The story that is our life, up to a certain point, is written and told by others. We do not choose our parents or where we are born or the social status we are born into. Nor do we have control over who keeps us alive and what they teach us as littles. Our lives are a given in many ways and at least we can be grateful for our chance to exist. But then the story becomes ours to tell.
Cinderella was loved and wanted when she was born. But bad things can happen to nice people. And the reverse is also true. We can be born into chaos and find a way to rise from the ashes. In my own personal experience, holding tightly to the resentment of my unlucky creation and existence doesn’t serve me. It keeps me routed to where I was and not able to move forward.
I would also say that a little adversity creates personal character. Cinderella is interesting because she somehow holds that love she had as a child and endures the cruelty with a faith for her future. We would expect her to want revenge for the ill-doings of the step-people but instead her inner-beauty is what gives her a chance to rise. Were she to hate them, she’d just be slumming with the haters instead of rising above as she does.
There aren’t any fairy godmothers per se, but I believe we can create our own hope and magic. And it starts with the basic understanding that we are all worthy of the effort and the hope. The only way I’ve moved on from my darkness is to maintain a blind faith that I was worth the work it has taken to get here. As if I was my daughter, an odd but profound thought.
As parents, and as women, we are teachers by example. Knowing that what I do is so much more powerful than what I say, I rise with as much power as I can to my life and the occasions I am creating to grow. Because deep down, even with devastating self-doubt and low self-esteem I suffered from, I still believed that this life was worth working on. And it is within my power to change my perceptions and choices and shift my life in directions of empowerment instead of self-destruction.
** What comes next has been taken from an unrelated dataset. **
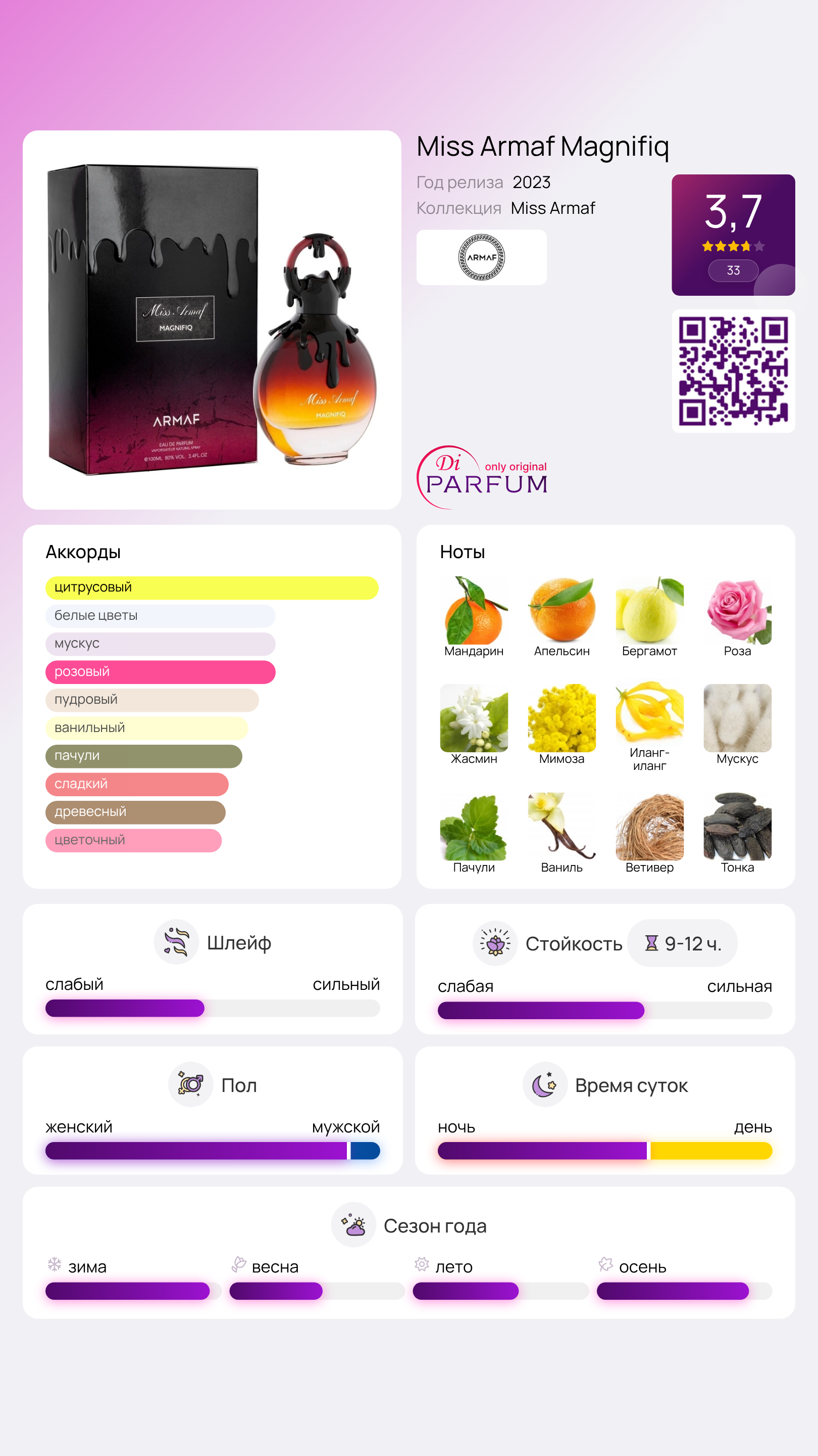 Обволакивающий шлейф завершает композицию чувственным мускусом и дымчатыми нотами ванильных бобов тонка. Аромат раскрылся в духе Coco Mademoiselle. Miss Armaf Magnifiq был представлен в 2024 году как часть коллекции, в которой каждая композиция символизирует «финалистку конкурса красоты». Парфюмеры известного арабского бренда создали разнообразные «Мисс» в различных категориях для этого уникального показа.
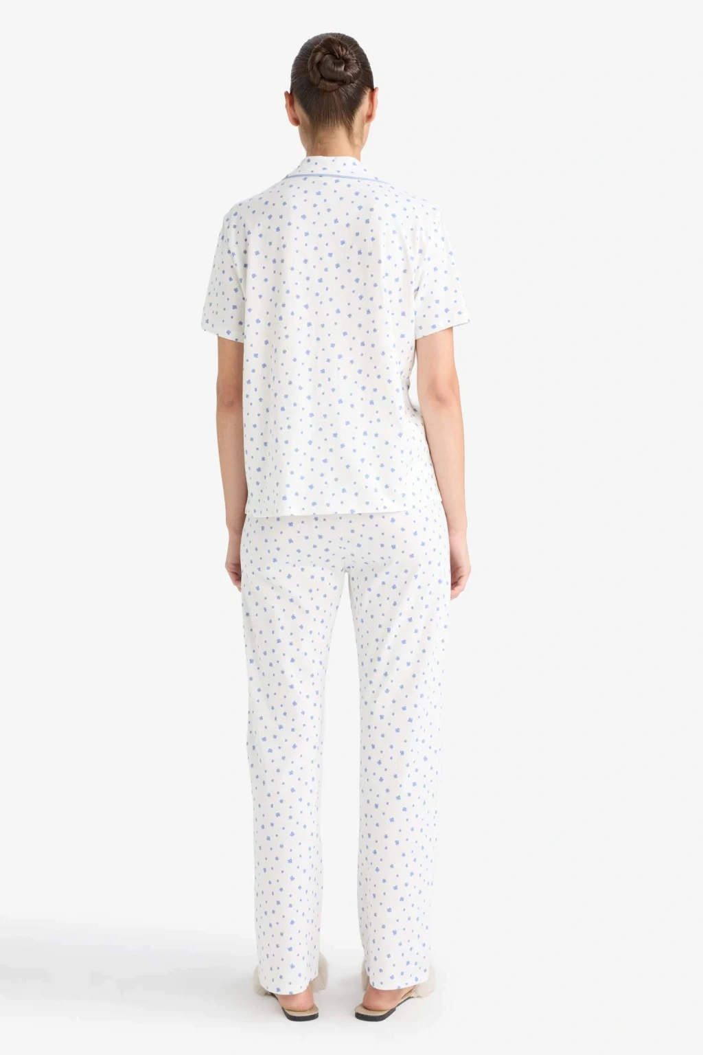 Regular fit, desenli kısa kollu üst ve uzun alt pijama takımı, yumuşak ve nefes alabilen kumaşıyla konforlu uyku sağlar. Şık desenleriyle hem rahat hem şık bir ev giyim seçeneğidir.

As women, I don’t think we will make any progress shifting our power back to ourselves until we acknowledge that we are much more than our circumstances and that our worth is a given worth fighting for. The rest of the process is figuring out how we rise as individuals to add our wealth of selves to the collective. What do we each need to learn about compassion and courage to continue our journeys to become who we authentically are? That is our real goal and the path that lights us on fire to our destinies.